The divergence also complicates the functioning of congestion management mechanisms. In integrated markets, congestion is typically managed through price signals and capacity allocation processes that reflect the scarcity of transmission resources. When physical flows diverge from commercial schedules, these mechanisms become less effective. Prices may not accurately signal congestion, and capacity allocation may not reflect actual system constraints. This undermines the efficiency of the market and can lead to distortions in both pricing and investment decisions.

From a regulatory perspective, the challenge is to reconcile the objectives of CBAM with the operational requirements of the electricity system. CBAM is designed to align carbon costs across borders and prevent carbon leakage, but it does not directly account for the physical realities of electricity flows. The divergence observed in Q1 2026 suggests that additional coordination between market design and system operation may be necessary to ensure that policy objectives do not inadvertently compromise system stability.

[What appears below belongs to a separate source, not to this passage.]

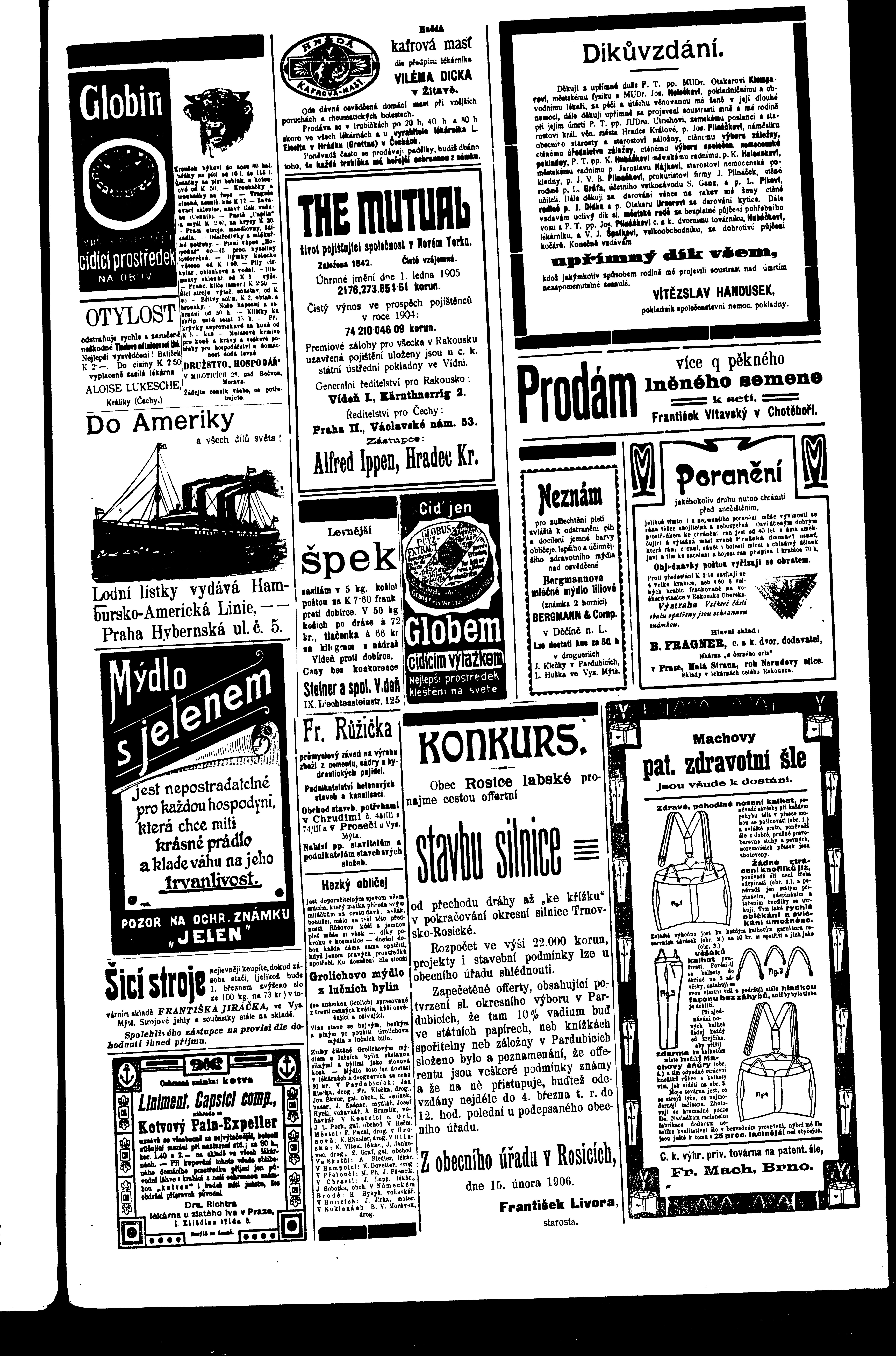 * Datum vydání výtisku: 17.2.1906 Číslo výtisku: 21 Poznámky k výtisku: ranní vydání
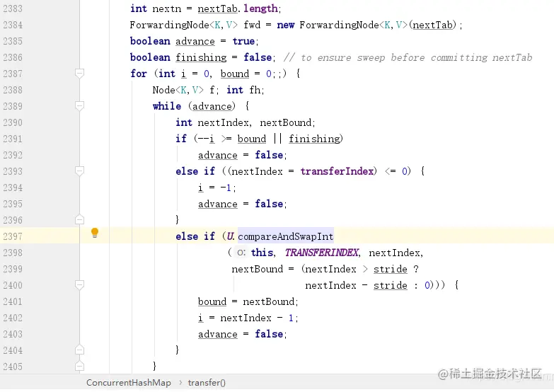 PS:因为 nextBound=0,所以 CAS 操作实际上也是把 transferIndex 变成了 0,表示当前扩容的数组下标已经全部分配完毕,这也是前面不满足扩容的第 5 个条件。

One potential avenue for addressing this issue is the enhancement of cross-border coordination among TSOs. Improved data sharing, joint capacity calculation, and coordinated congestion management could help mitigate the impact of unscheduled flows. At the same time, greater clarity in the implementation of CBAM—particularly regarding the treatment of transit flows—could reduce the incentive for traders to alter schedules in ways that exacerbate divergence.

Another consideration is the potential evolution of market design to better integrate physical and commercial realities. This could include mechanisms that more accurately reflect the impact of unscheduled flows in pricing and settlement processes, or the development of tools that allow market participants to manage the risks associated with divergence more effectively. Such changes would require careful design to avoid introducing additional complexity or unintended consequences.

Looking ahead, the persistence of divergence between commercial schedules and physical flows will depend on how both market participants and policymakers respond to the new environment created by CBAM. If current patterns continue, the region may face increasing operational challenges, higher system costs, and a gradual erosion of market efficiency. Conversely, proactive measures to align policy, market design, and system operation could mitigate these risks and support a more stable transition to a carbon-adjusted trading framework.

What is clear from Q1 2026 is that the integration of carbon pricing into cross-border electricity trade has implications that extend beyond economics into the physical operation of the grid. The divergence between what is traded and what flows is a manifestation of this broader transformation—a signal that the system is adapting to new constraints but has not yet reached a new equilibrium. Managing this transition will be critical to ensuring that Southeast Europe’s electricity markets remain both efficient and secure in the evolving energy landscape.